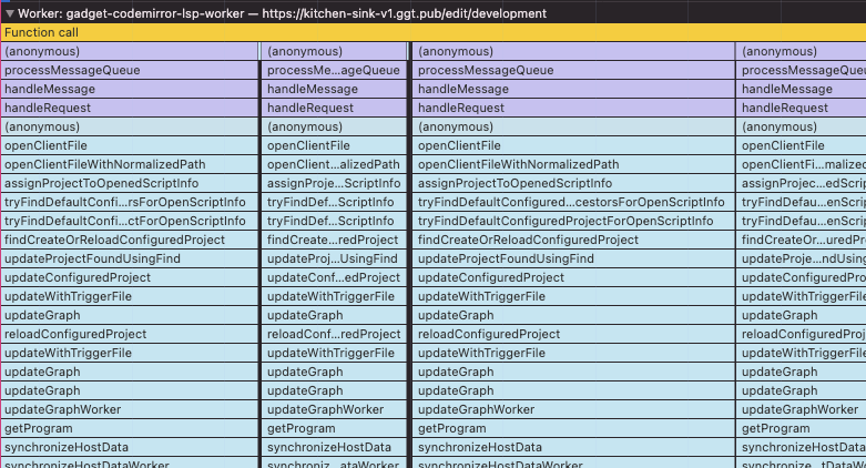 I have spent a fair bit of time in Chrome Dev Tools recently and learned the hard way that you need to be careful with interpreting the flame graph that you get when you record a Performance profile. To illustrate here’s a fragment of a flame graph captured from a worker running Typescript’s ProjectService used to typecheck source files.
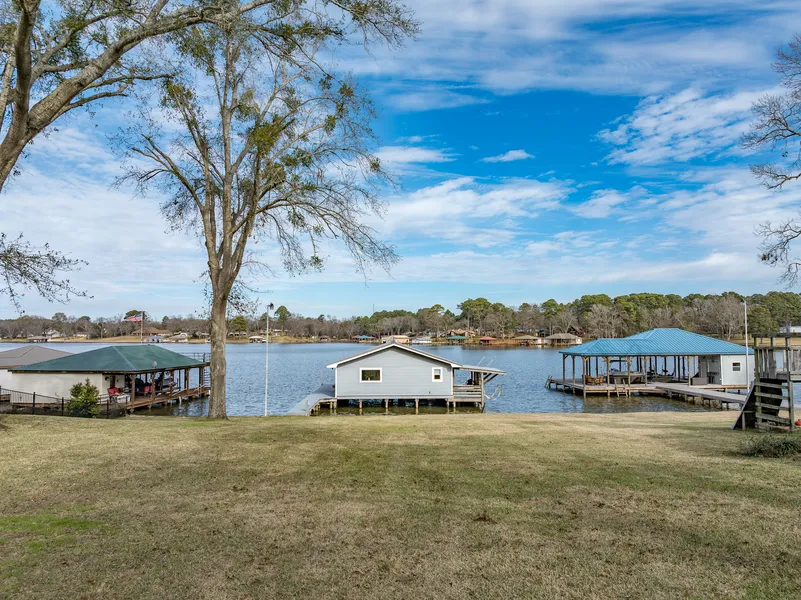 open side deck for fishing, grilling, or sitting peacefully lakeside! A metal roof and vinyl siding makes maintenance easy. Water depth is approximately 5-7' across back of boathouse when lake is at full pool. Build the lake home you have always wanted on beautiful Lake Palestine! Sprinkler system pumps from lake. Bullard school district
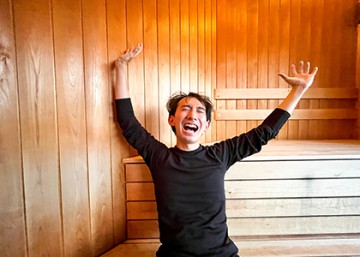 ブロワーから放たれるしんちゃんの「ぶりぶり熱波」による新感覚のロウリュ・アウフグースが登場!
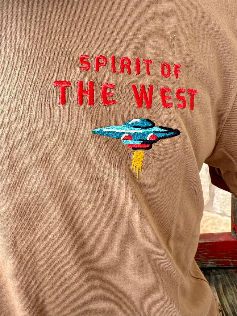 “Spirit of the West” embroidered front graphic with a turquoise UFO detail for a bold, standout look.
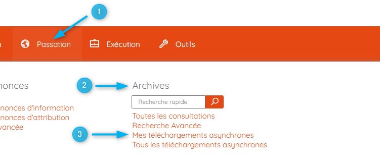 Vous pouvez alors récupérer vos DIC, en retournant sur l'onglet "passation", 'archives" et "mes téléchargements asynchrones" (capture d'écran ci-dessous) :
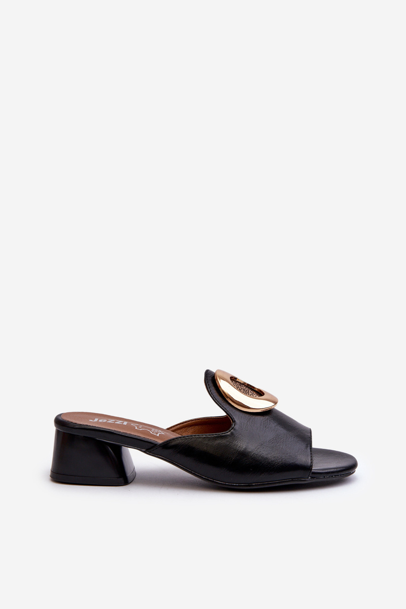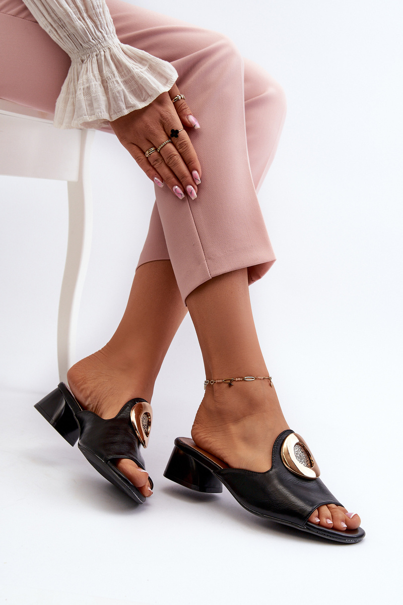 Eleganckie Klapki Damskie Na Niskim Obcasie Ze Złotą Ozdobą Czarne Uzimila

- Assignment -
Your response should consist solely of the lines from the line with "ブロワーから放たれるしんちゃ" through the last line of the entries above, printed exactly and without pictures.

- Answer box -
 ブロワーから放たれるしんちゃんの「ぶりぶり熱波」による新感覚のロウリュ・アウフグースが登場!
 “Spirit of the West” embroidered front graphic with a turquoise UFO detail for a bold, standout look.
 Vous pouvez alors récupérer vos DIC, en retournant sur l'onglet "passation", 'archives" et "mes téléchargements asynchrones" (capture d'écran ci-dessous) :
 Eleganckie Klapki Damskie Na Niskim Obcasie Ze Złotą Ozdobą Czarne Uzimila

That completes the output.